This image Owen opens with helped me create a picture of the soldiers all curled up in the trenches curled up together, like homeless people you see on the streets. The way he says “… we…” suggests he was amongst the soldiers in the trenches; this helps me believe what Owen is saying because he was actually there.
In stanza two Owen describes a gas attack on the soldiers in the trenches and how one soldier alerts the others, and instructs them to put their gas masks on:
“Gas! GAS! Quick, boys…”
Owen also describes the man who was alerting the other soldiers of the attack as not managing to get his mask on in time, and that he was like a man on fire. And it was like he was drowning in the gas:
“As under a green sea, I saw him drowning.”
The pace of stanza two is quicker than the rest of the poem, I believe this is because Owen is describing something that happened quickly and he wants the reader to know how fast a gas attack happens.
Owen describes a recurring nightmare in stanza three about the soldier, who died, in his nightmare the soldier throws himself towards him coughing as he suffocates:
“He plunges at me, guttering, choking, drowning.”

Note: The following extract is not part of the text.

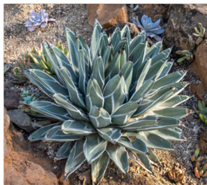
Agave nickelsiae by Gerhard Bock

This stanza maybe shorter than the others but has the same profound effect. It helps me understand what it was like for the soldiers who saw men die, how it would be traumatic to them.
In stanza four Owen explains how an injured soldier was put in a wagon and his head was hanging with his eyes rolling, I think the soldier had been poisoned during a gas attack:
“Behind the wagon that we had flung him in, and watch the white eyes writhing in his face, His hanging face,”
Owen describes the soldier’s fate which is he is going to die, and that he won’t be dying in glory as Owen believes that is a lie:
“…ardent for some desperate glory, the old lie”
In this poem Owen expresses the idea that war is evil by the way he writes by saying that he was there and by stating what he saw. He also gets the message of war being evil across by the description and comparisons he made through out the poem. The first comparison that he makes has major impact on me, when he compares the soldiers to beggars:
“Bent double, like old beggars under sacks,”
This comparison had such a big impact on me as I thought soldiers were proud, brave men and had never considered them being beggars! I think Owen used this for his opening sentence to stun the readers.
Owen shows that war is not as glorious as people have been led to believe by saying that it’s not glorious to die:
“To children ardent for some desperate glory, the old lie”
The Latin quote “Dulce et decorum est pro patria mori” means how sweet and honourable it is to die for ones country. The deaths that Owen describes to not seem sweet and honourable, I don’t think anyone should die that way.
The overall tone of this poem is sadness and strength. This poem makes me feel that trench warfare and fighting for one’s country in World War 1 is not glorious and patriotic, like what I had been led to believe. Now I think it was meaningless and cost millions of lives in the most horrific way possible, I do not think there’s anything honourable about dying in the trenches. The poem has changed my opinion of War in general and especially trench warfare, the poem has shown me that War is evil.